5.10 The list refers to a wide range of registers including criminal records, criminal intelligence registers, missing persons registers and registers relating to photographs, fingerprints, DNA samples, firearms, passports, driving licences, identity cards and data on vehicles, aircraft and vessels. The list also refers to information which is derived from investigations, such as statements by persons co-operating with law enforcement agencies, statements by undercover agents and statements by suspects, witnesses and experts. Also included in the list is information derived from searches of premises, the interception of communications and covert surveillance, crime scene investigations, and the monitoring of telecommunications, including communications data generated by IT systems and handled by telecoms operators and internet service providers. The list also refers to financial information, such as reports of unusual or suspicious money transactions and information held by banks and financial institutions.

The Government's view

5.11 In her Explanatory Memorandum of 15 December 2004, the Parliamentary Under-Secretary of State at the Home Office (Caroline Flint) explains that the Government is consulting interested parties on the list prepared by Sweden with a view to answering the Presidency's request. The Minister comments as follows:

    "Insofar as the purpose of the inquiry is to consider the extent to which information might be exchanged through law enforcement channels rather than by way of mutual legal assistance, the Government wishes to adopt a flexible approach aimed at ensuring speedy and effective cooperation with EU partners. But the range of information on the list in [document (c)] underscores the importance of ensuring that there are adequate data protection and other civil liberties and public interest safeguards. The Government will also need to consider whether information already obtained for domestic purposes through coercive measures such as production orders and search warrants could be exchanged with partners abroad within the terms on which the coercive powers were granted. On present expectations, the Framework Decision will not require changes to domestic legislation, but if this assessment changes, the scrutiny committees will be informed accordingly."

Conclusion

5.12 We shall look forward to a fuller account by the Minister of the United Kingdom's response to the Presidency's request. It appears to us that a number of items on the list prepared by Sweden concern information which is obtained by coercive measures. A number of them also appear to involve the interception of telecommunications, whereas we understood from the Minister's letter to us of 26 August 2004 that the UK intended to suggest that this should remain outside the scope of this Framework Decision.

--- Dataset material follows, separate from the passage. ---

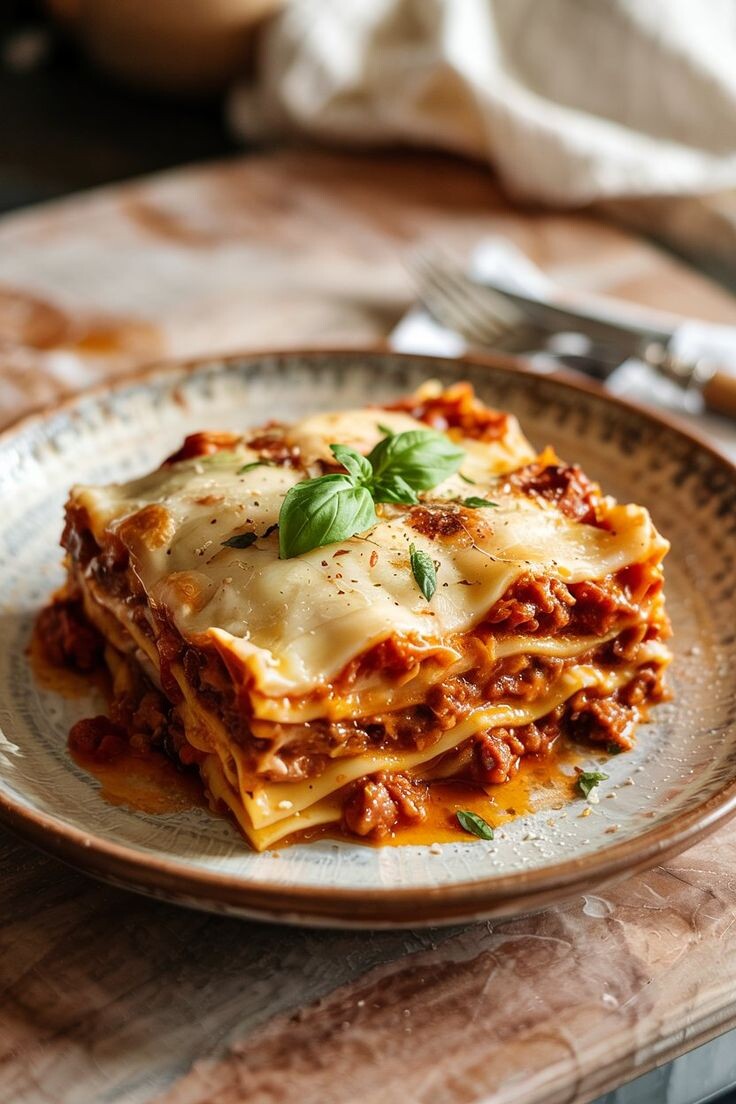 После сборки разогреть духовку до 180°C. Накрыть форму фольгой и готовить 20 минут, затем снять фольгу и подрумянить еще 10 минут. Дайте лазанье немного остыть перед подачей – это упростит нарезку. Отличным дополнением к блюду станет зеленый салат и хрустящий хлеб.
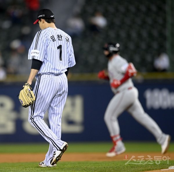12일 서울 잠실야구장에서 ‘2022 신한은행 MY CAR KBO리그’ SSG 랜더스와 LG 트윈스 경기가 열렸다. LG 선발 임찬규가 4회초 2사 1루 SSG 크론에게 좌월 투런 홈런을 허용하고 있다.

5.13 We welcome the Minister's emphasis on the importance of ensuring adequate data protection, civil liberties and public interest safeguards as regards the exchange of information under this proposal. We shall look forward to an explanation by the Minister of how these concerns are being met, and of the extent to which domestic law in the various parts of the United Kingdom would permit the disclosure to other Member States of information which is obtained by means of coercive measures.

5.14 We shall hold the documents under scrutiny pending the Minister's reply.